Somewhere below, one line contains "3 metrelik karı" and a later line contains "white polka-dot silk". Output those two lines and everything between them exactly, and nothing else.

__Records for this exercise__.
- - -
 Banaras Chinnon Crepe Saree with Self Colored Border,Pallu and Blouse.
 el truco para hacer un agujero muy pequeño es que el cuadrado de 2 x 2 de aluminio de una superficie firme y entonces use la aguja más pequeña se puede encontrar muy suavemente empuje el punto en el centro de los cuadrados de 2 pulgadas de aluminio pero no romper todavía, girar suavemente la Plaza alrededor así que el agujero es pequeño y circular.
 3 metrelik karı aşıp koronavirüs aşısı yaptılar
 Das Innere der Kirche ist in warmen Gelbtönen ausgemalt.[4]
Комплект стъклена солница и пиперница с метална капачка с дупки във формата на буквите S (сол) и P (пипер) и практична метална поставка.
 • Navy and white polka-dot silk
- - -
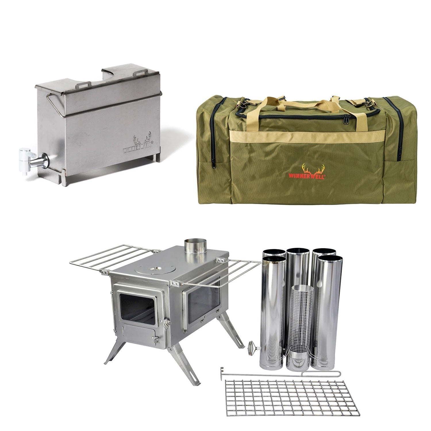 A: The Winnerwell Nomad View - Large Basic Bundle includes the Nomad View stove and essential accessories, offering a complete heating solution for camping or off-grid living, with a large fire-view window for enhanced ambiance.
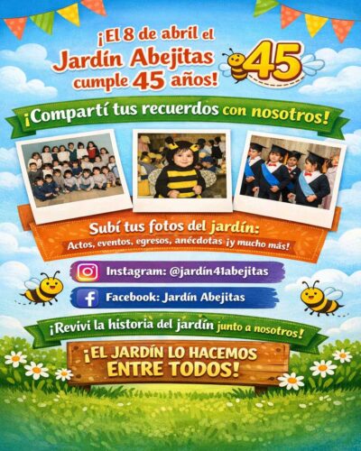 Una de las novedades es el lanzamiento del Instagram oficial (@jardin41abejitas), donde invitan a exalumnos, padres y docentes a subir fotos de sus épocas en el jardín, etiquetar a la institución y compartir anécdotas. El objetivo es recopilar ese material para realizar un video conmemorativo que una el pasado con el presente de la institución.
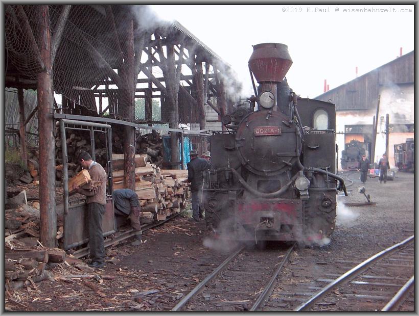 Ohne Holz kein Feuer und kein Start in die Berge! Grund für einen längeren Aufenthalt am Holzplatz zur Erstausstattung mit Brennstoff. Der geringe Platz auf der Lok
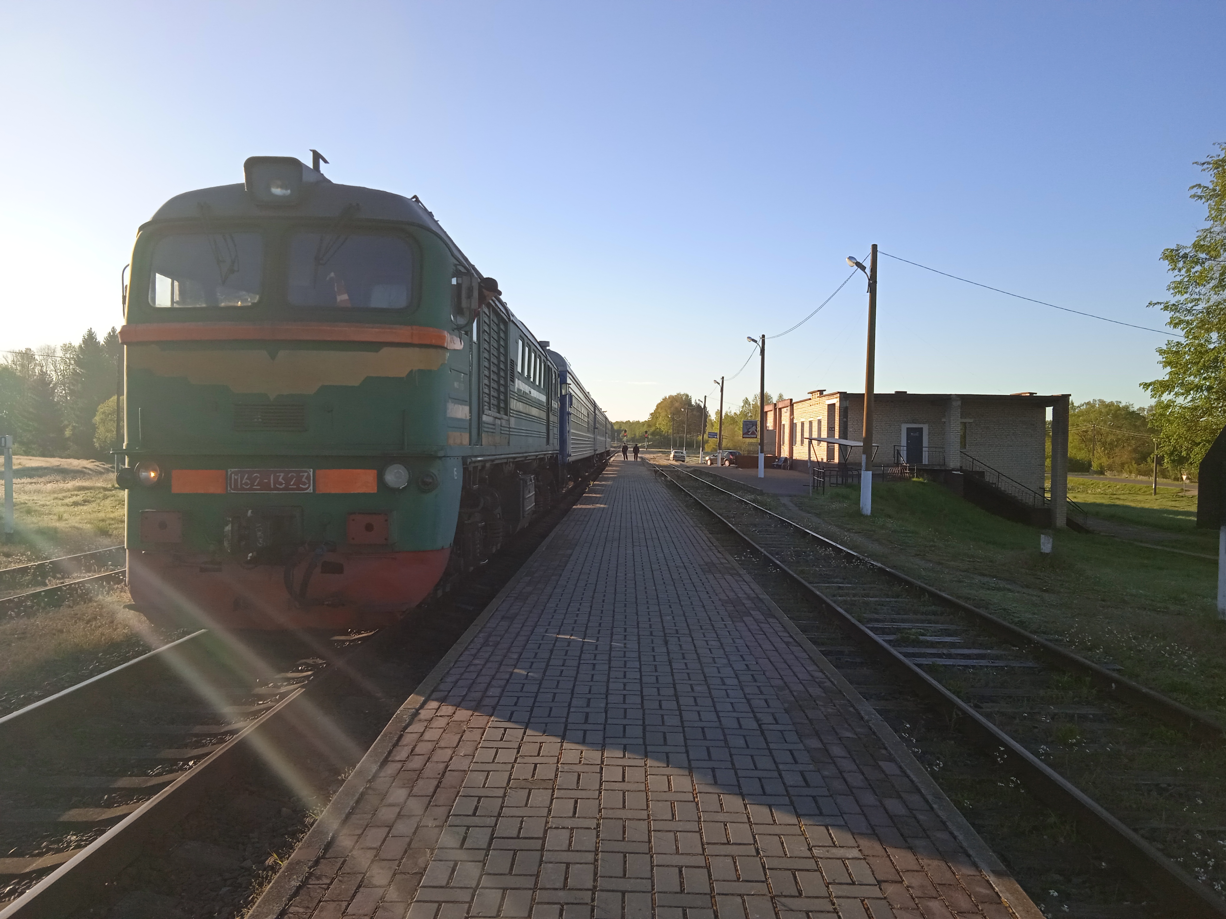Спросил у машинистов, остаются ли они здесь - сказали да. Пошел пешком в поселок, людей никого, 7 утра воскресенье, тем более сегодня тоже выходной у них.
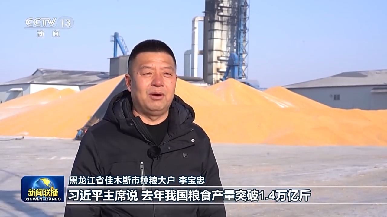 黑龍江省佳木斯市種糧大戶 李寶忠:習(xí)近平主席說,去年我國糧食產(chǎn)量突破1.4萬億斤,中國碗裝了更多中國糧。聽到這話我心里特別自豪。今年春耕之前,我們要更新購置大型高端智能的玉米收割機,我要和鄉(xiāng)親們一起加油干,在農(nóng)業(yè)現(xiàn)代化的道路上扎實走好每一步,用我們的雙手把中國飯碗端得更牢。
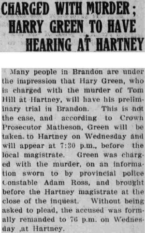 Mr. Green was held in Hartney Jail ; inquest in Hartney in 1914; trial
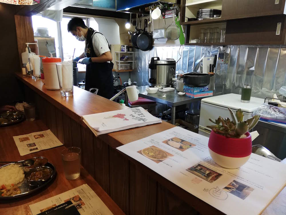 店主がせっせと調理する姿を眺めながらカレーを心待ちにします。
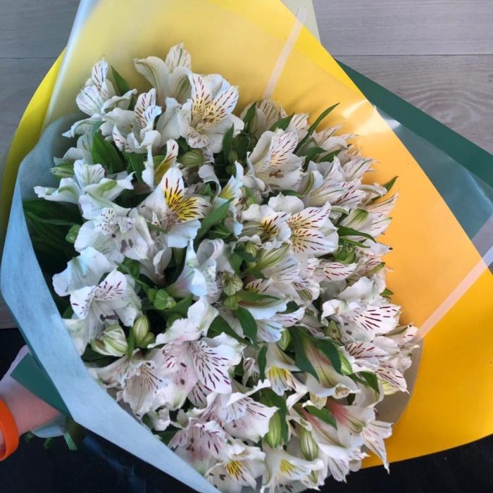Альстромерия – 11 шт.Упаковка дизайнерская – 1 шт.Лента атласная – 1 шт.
- - -
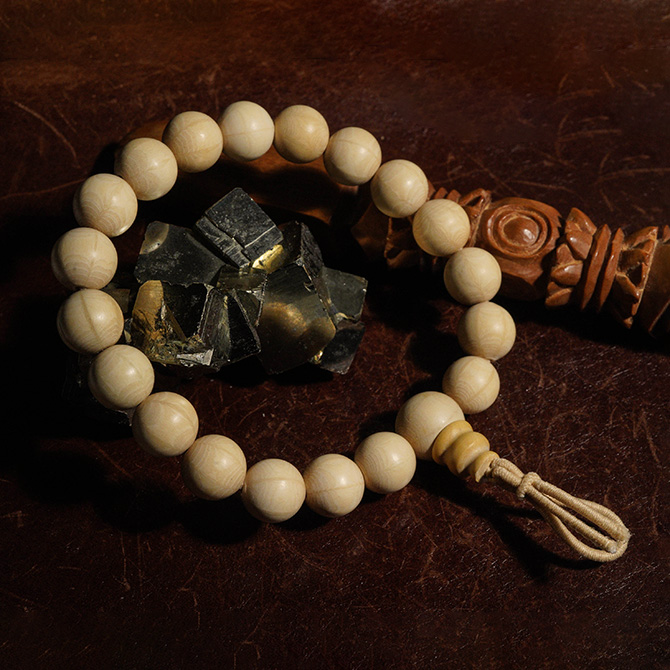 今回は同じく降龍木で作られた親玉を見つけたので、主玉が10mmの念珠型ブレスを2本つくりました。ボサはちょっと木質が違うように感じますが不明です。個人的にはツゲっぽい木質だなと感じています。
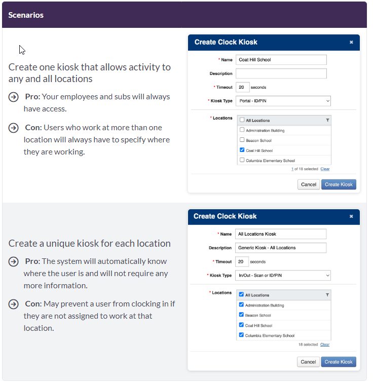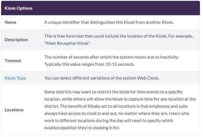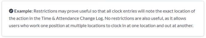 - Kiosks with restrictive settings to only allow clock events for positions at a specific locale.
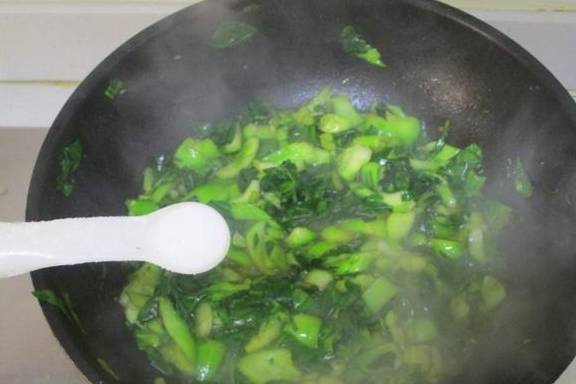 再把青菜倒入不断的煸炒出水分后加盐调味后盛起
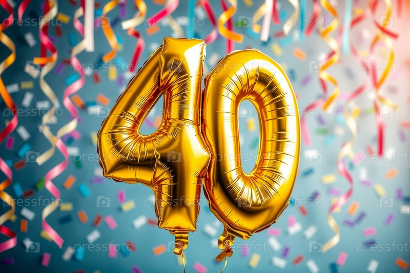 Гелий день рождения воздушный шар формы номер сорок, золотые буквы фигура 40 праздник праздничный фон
- - -
__Answer space__.
 3 metrelik karı aşıp koronavirüs aşısı yaptılar
 Das Innere der Kirche ist in warmen Gelbtönen ausgemalt.[4]
Комплект стъклена солница и пиперница с метална капачка с дупки във формата на буквите S (сол) и P (пипер) и практична метална поставка.
 • Navy and white polka-dot silk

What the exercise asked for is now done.